*TASK PROMPT*.
Set down all of the data exactly. Pictures stay out of the copy.
MATERIAL SUPPLIED below:
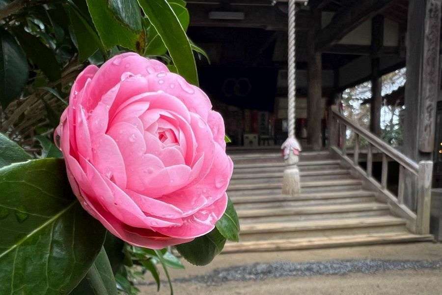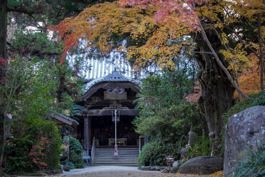 The road in front of the temple is the old Tosa Kaidō, once the main road to Kōchi. A large stone carved with the name of the temple flanks some steep stone steps up to the precincts. Legend has it that Emon Saburō came from this area, and a stone monument at the bottom of the steps is engraved with a haiku written by Masaoka Shiki.
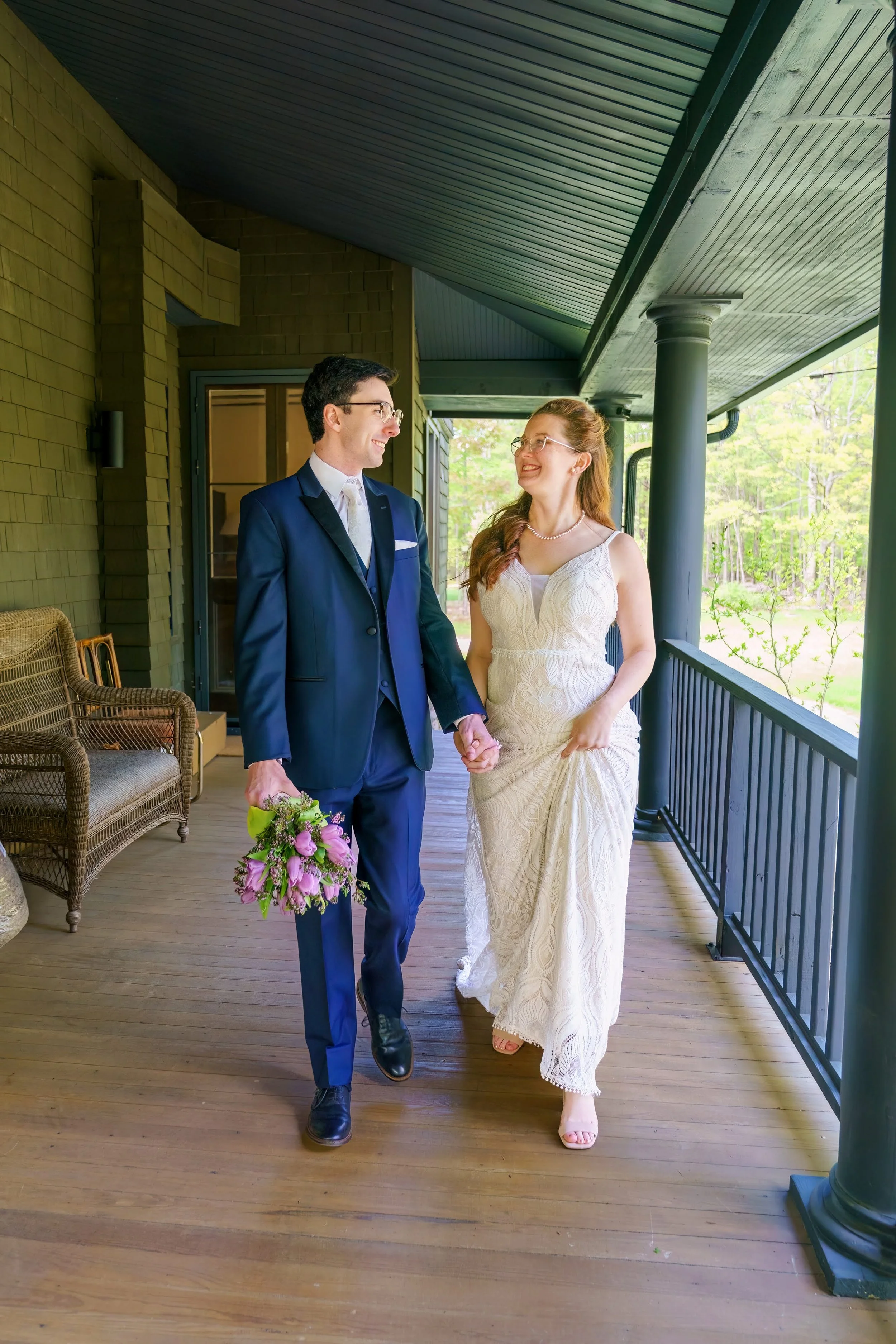A newlywed couple walking hand-in-hand on a porch, smiling at each other. The groom is in a blue suit holding a bouquet, and the bride is in a white lace dress.
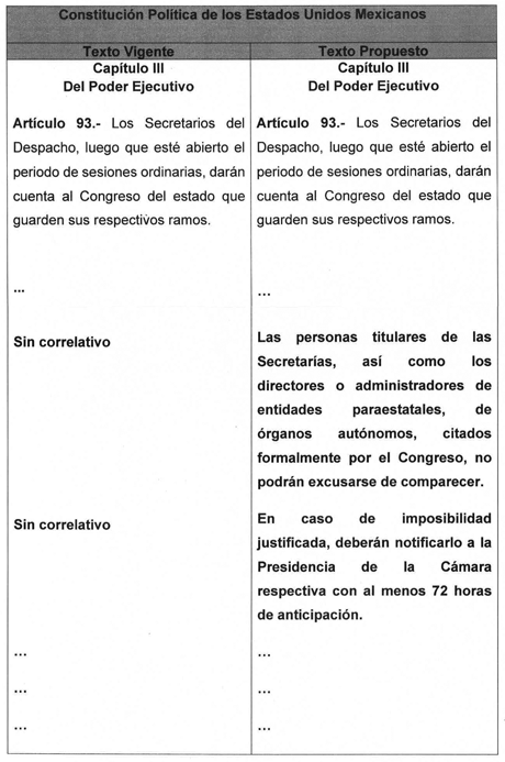 95. No obstante, este Tribunal Pleno considera que las porciones normativas reclamadas transgreden el principio de división de poderes tal como fue solicitado por los diputados promoventes, pues a pesar de que tiene un respaldo jurídico en el artículo 93 de la Constitución federal como lo argumentaron las Cámaras de Diputados y Senadores, el cual permite las comparecencias de los secretarios de Estado ante el Congreso de la Unión, la obligación impuesta al Secretario de Gobernación es desacorde con el contenido del propio precepto constitucional 6 .
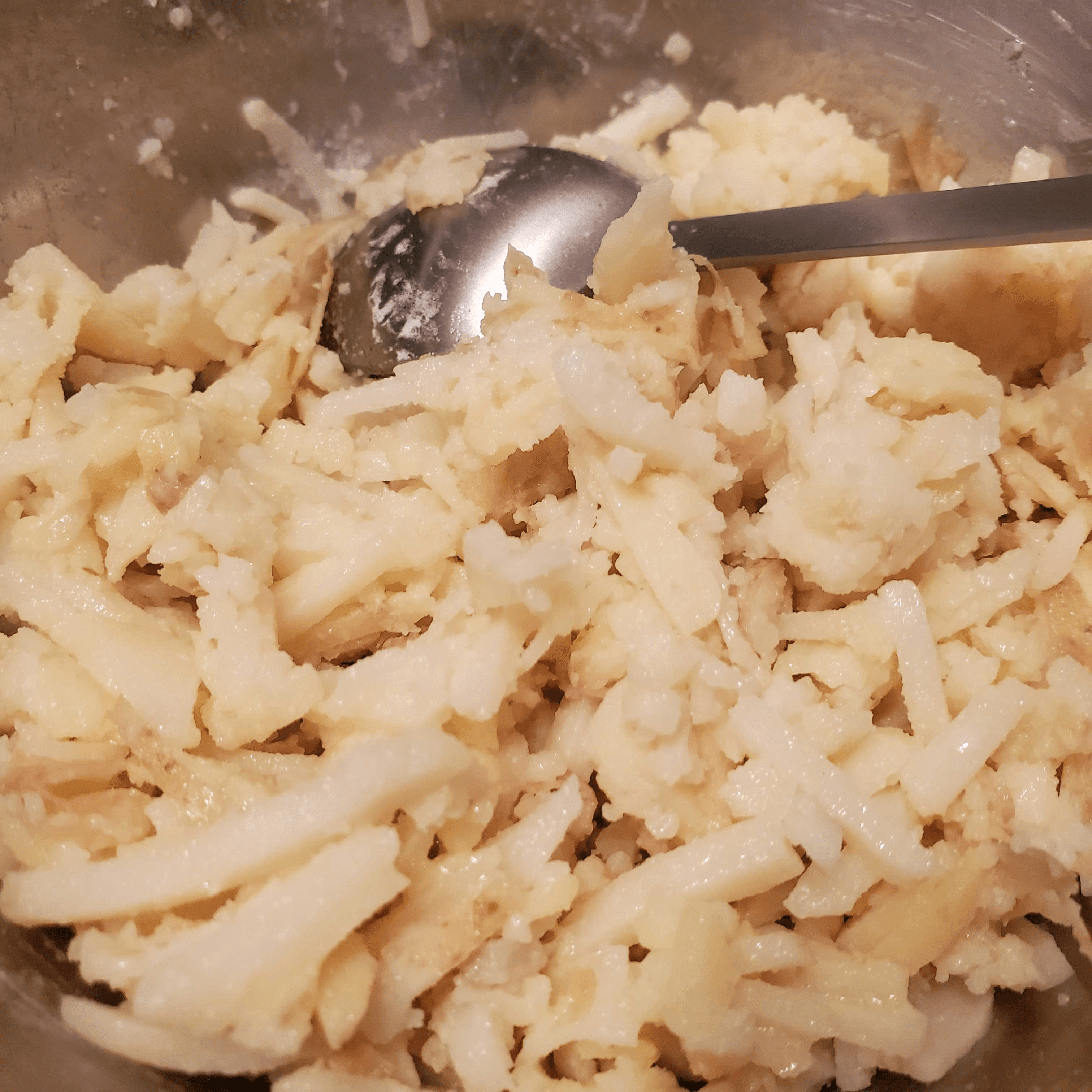 ・粗熱が取れたら千切りします。茹でてあるので勝手にある程度形が崩れて、ハッシュドポテト特有の粒感が自然とできます。
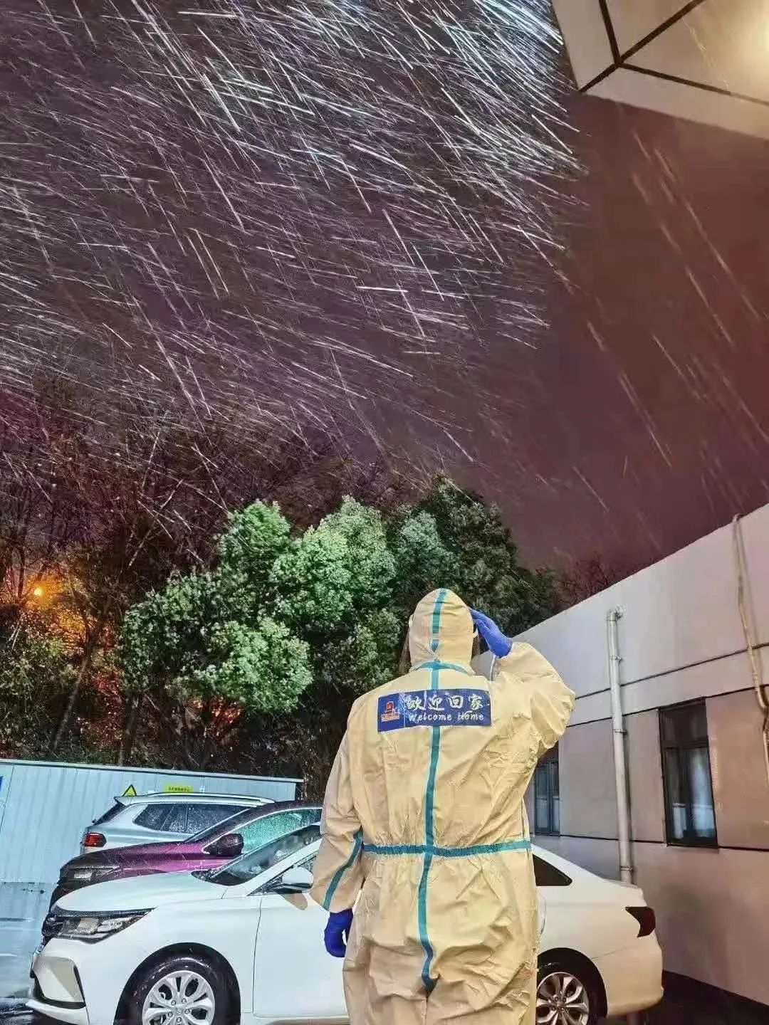 2020年12月29日深夜,一场“霸王级”寒潮突降申城,气温断崖跌至零下。大风呼啸,寒雨夹雪。在位于宝山区顾村镇辖区内的某集中隔离点里,雨雪之下肃然站立着4位身着防护服的医护人员,那一夜,他们为57位入境人员先后办理了入住手续。
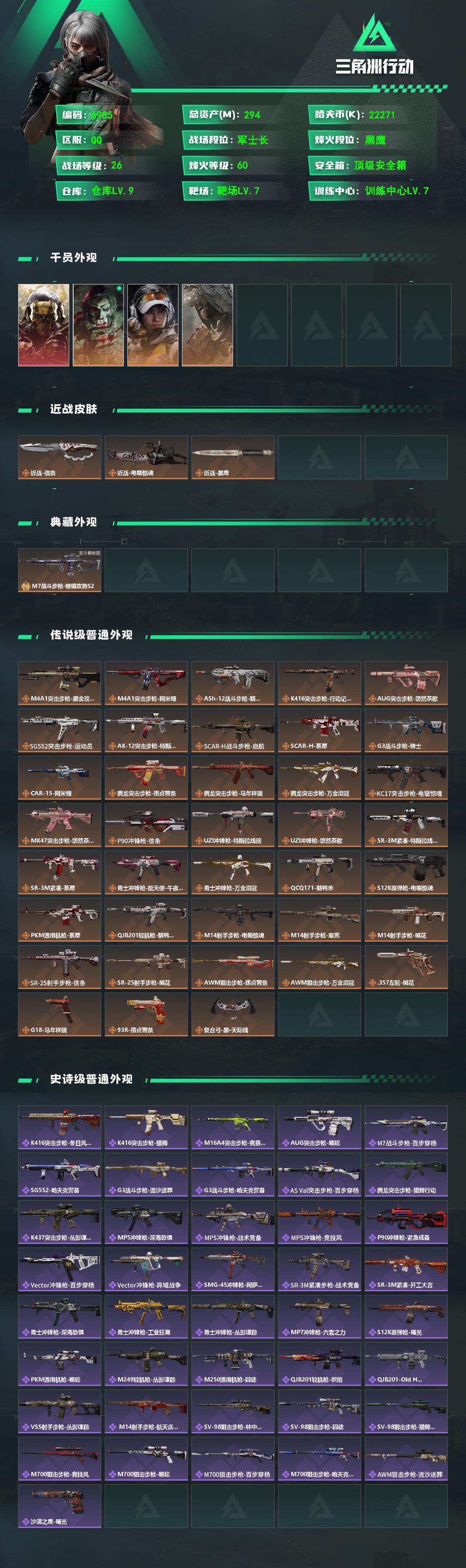 等级:60总资产294.9m 纯币22271k s8赛季 3*3 人物皮 饰金玫瑰 枪皮 优品s m7 刀皮 信条 电锯 特勤仓库9级 体力负重满级
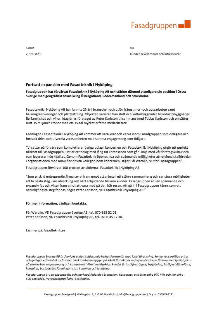 Fasadgruppen har förvärvat Fasadteknik i Nyköping AB och stärker därmed ytterligare sin position i Östra Sverige med geografiskt fokus kring Östergötland, Södermanland och Stockholm.
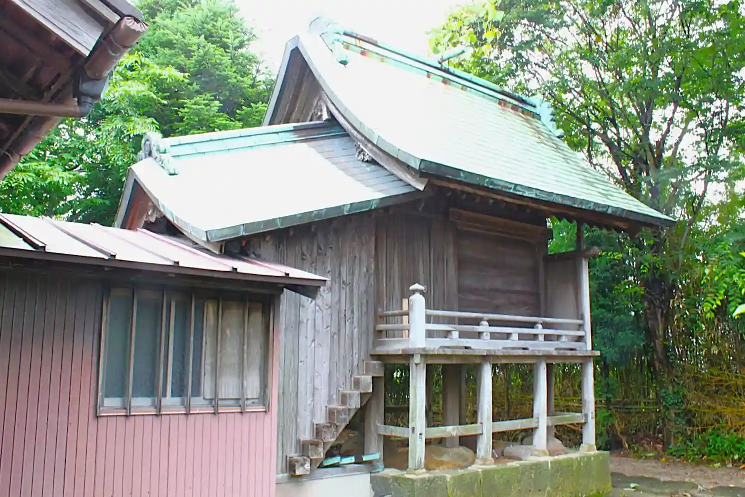 現在の鎮座地は大橋川の河口付近になる川沿いになりますが、もともとはこの地区の川に向かって張り出した高台先端の樹林に鎮座されていたと伝えられています。
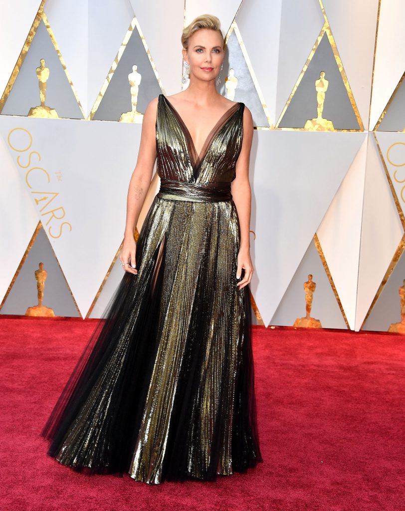 Va lasam mai jos cateva dintre cele mai spectaculoase rochii metalice purtate de Charlize de-a lungul timpului:
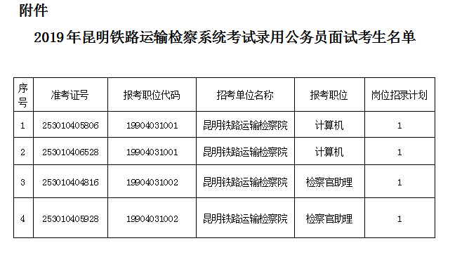 2019年昆明鐵路檢察系統(tǒng)考試錄用公務(wù)員面試公告
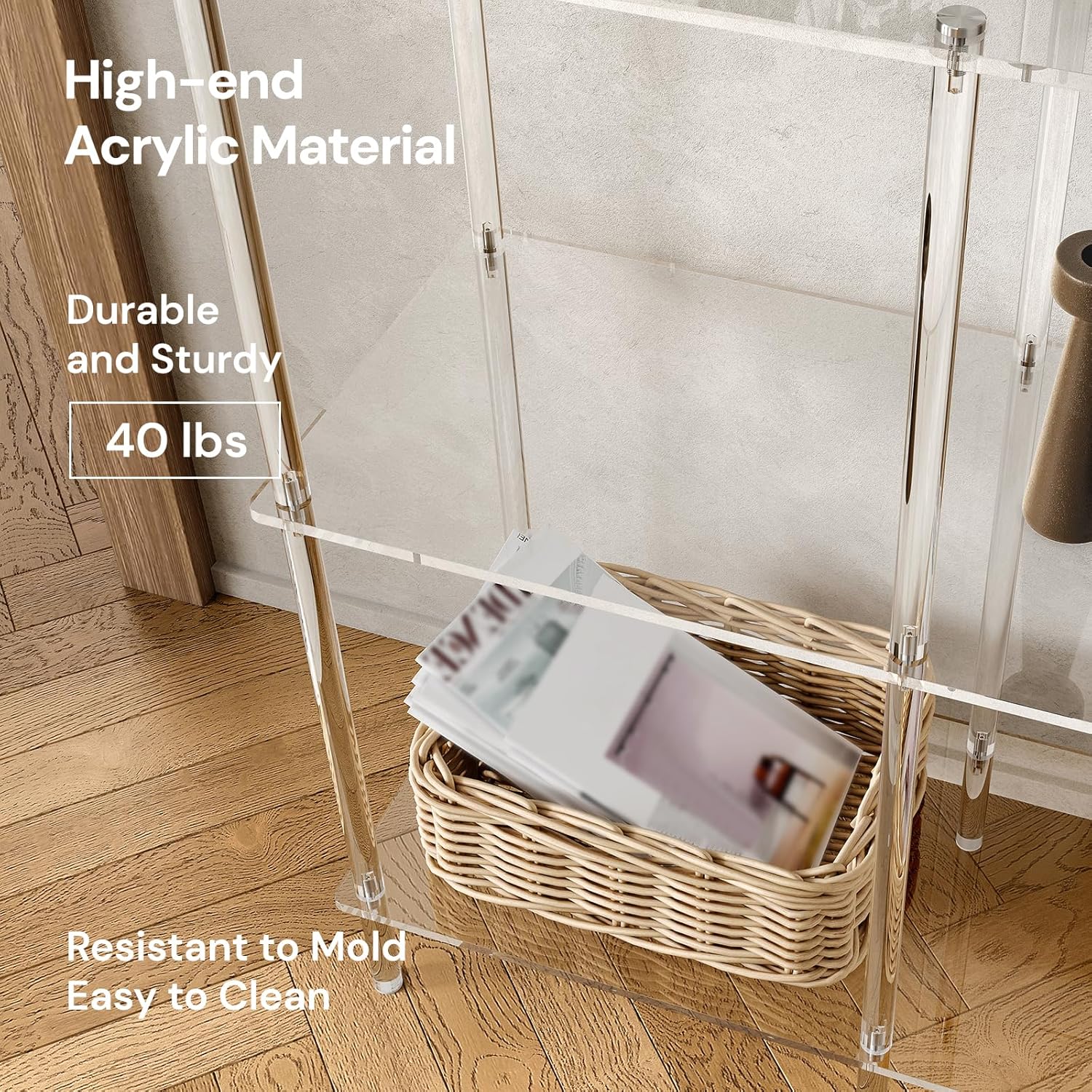 - Versatile Utility: Place this acrylic console table in your entryway, hallway, foyer, behind a sofa, or even in your living room to lend an exquisite touch to any corner. Its adaptability makes it an indispensable addition to various areas of your home.
End of MATERIAL SUPPLIED.
*SOLUTION TO THIS TASK*.
 The road in front of the temple is the old Tosa Kaidō, once the main road to Kōchi. A large stone carved with the name of the temple flanks some steep stone steps up to the precincts. Legend has it that Emon Saburō came from this area, and a stone monument at the bottom of the steps is engraved with a haiku written by Masaoka Shiki.
A newlywed couple walking hand-in-hand on a porch, smiling at each other. The groom is in a blue suit holding a bouquet, and the bride is in a white lace dress.
 95. No obstante, este Tribunal Pleno considera que las porciones normativas reclamadas transgreden el principio de división de poderes tal como fue solicitado por los diputados promoventes, pues a pesar de que tiene un respaldo jurídico en el artículo 93 de la Constitución federal como lo argumentaron las Cámaras de Diputados y Senadores, el cual permite las comparecencias de los secretarios de Estado ante el Congreso de la Unión, la obligación impuesta al Secretario de Gobernación es desacorde con el contenido del propio precepto constitucional 6 .
 ・粗熱が取れたら千切りします。茹でてあるので勝手にある程度形が崩れて、ハッシュドポテト特有の粒感が自然とできます。
 2020年12月29日深夜,一场“霸王级”寒潮突降申城,气温断崖跌至零下。大风呼啸,寒雨夹雪。在位于宝山区顾村镇辖区内的某集中隔离点里,雨雪之下肃然站立着4位身着防护服的医护人员,那一夜,他们为57位入境人员先后办理了入住手续。
 等级:60总资产294.9m 纯币22271k s8赛季 3*3 人物皮 饰金玫瑰 枪皮 优品s m7 刀皮 信条 电锯 特勤仓库9级 体力负重满级
 Fasadgruppen har förvärvat Fasadteknik i Nyköping AB och stärker därmed ytterligare sin position i Östra Sverige med geografiskt fokus kring Östergötland, Södermanland och Stockholm.
 現在の鎮座地は大橋川の河口付近になる川沿いになりますが、もともとはこの地区の川に向かって張り出した高台先端の樹林に鎮座されていたと伝えられています。
 Va lasam mai jos cateva dintre cele mai spectaculoase rochii metalice purtate de Charlize de-a lungul timpului:
 2019年昆明鐵路檢察系統(tǒng)考試錄用公務(wù)員面試公告
 - Versatile Utility: Place this acrylic console table in your entryway, hallway, foyer, behind a sofa, or even in your living room to lend an exquisite touch to any corner. Its adaptability makes it an indispensable addition to various areas of your home.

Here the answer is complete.